Phyllosilicate Emission from Protoplanetary Disks: Is the Indirect Detection of Extrasolar Water Possible?

TL;DR

This study investigates the potential to detect phyllosilicates, hydrous minerals formed by water-rock interactions, in protoplanetary disks via infrared emission features, which could indicate the presence of liquid water in planetesimals.

Contribution

The paper demonstrates that phyllosilicates at 3% abundance in disks produce detectable infrared spectral features, linking mineral detection to liquid water and planetary system evolution.

Findings

Phyllosilicates cause significant spectral differences at 3% abundance.

Infrared detection of phyllosilicates can indicate liquid water in planetesimals.

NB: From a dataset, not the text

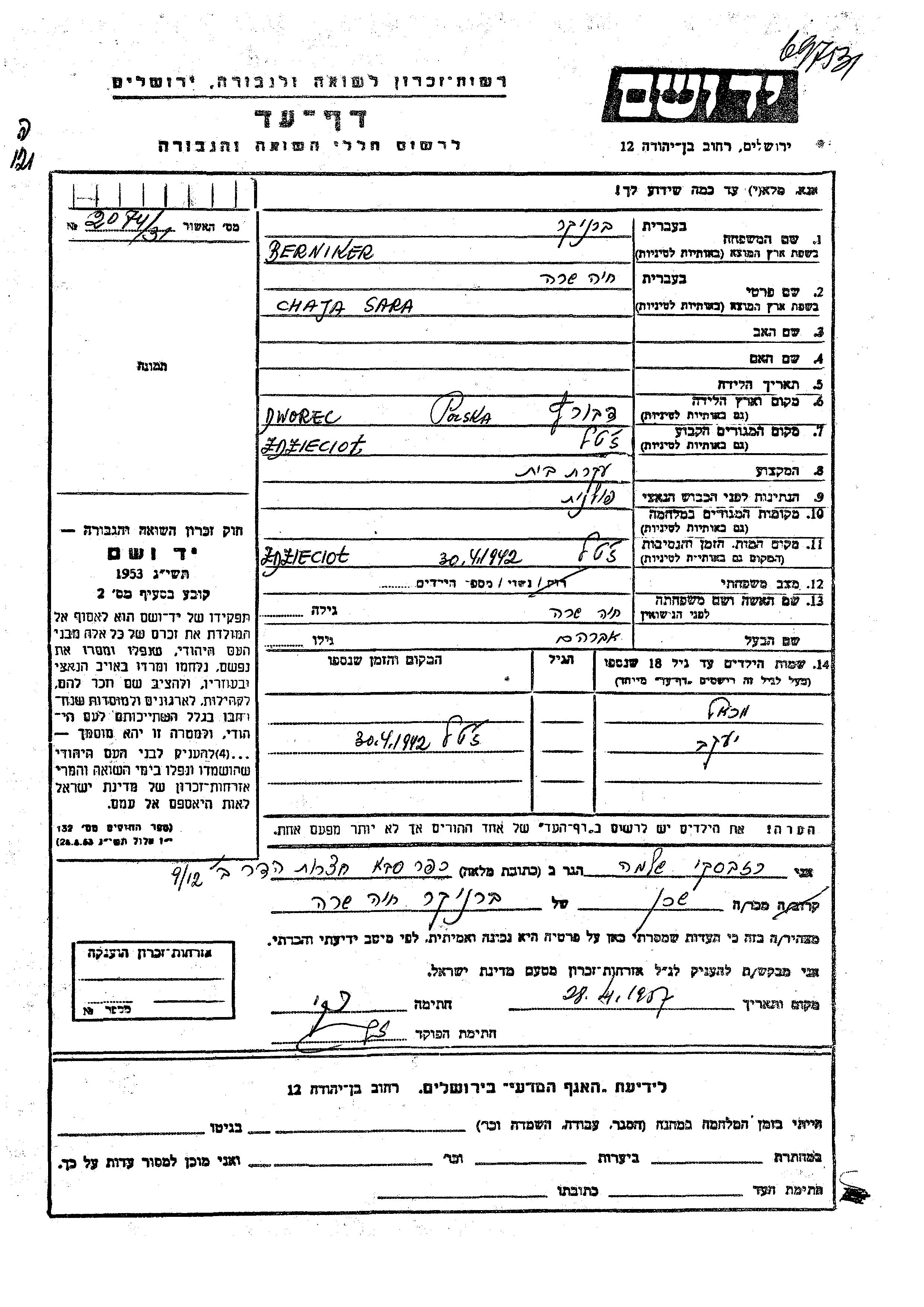 Mekhael Berniker wurde Er/sie war der/ die Sohn/Tochter von Avraham und Chaya Sara, geb. Avraham. Er/Sie war Kind. Vor dem Zweiten Weltkrieg er/sie in Zdzienciol, Polen.

Detection supports the waterworlds hypothesis and links to radionuclide content.

Abstract

Phyllosilicates are hydrous minerals formed by interaction between rock and liquid water and are commonly found in meteorites originating in the asteroid belt. Collisions between asteroids contribute to zodiacal dust, which therefore reasonably could include phyllosilicates. Collisions between planetesimals in protoplanetary disks may also produce dust containing phyllosilicates. These minerals possess characteristic emission features in the mid-infrared and could be detectable in extrasolar protoplanetary disks. Here we determine whether phyllosilicates in protoplanetary disks are detectable in the infrared using instruments such as those on board the Spitzer Space Telescope and SOFIA (Stratospheric Observatory for Infrared Astronomy). We calculate opacities for the phyllosilicates most common in meteorites and compute the emission of radiation from a protoplanetary disk using a 2-layer radiative transfer model. We find that phyllosilicates present at the 3% level lead to observationally significant differences in disk spectra, and should therefore be detectable using infrared observations and spectral modeling. Detection of phyllosilicates in a protoplanetary disk would be diagnostic of liquid water in planetesimals in that disk and would demonstrate similarity to our own Solar System. We also discuss use of phyllosilicate emission to test the "waterworlds" hypothesis, which proposes that liquid water in planetesimals should correlate with the inventory of short-lived radionuclides in planetary systems, especially 26Al.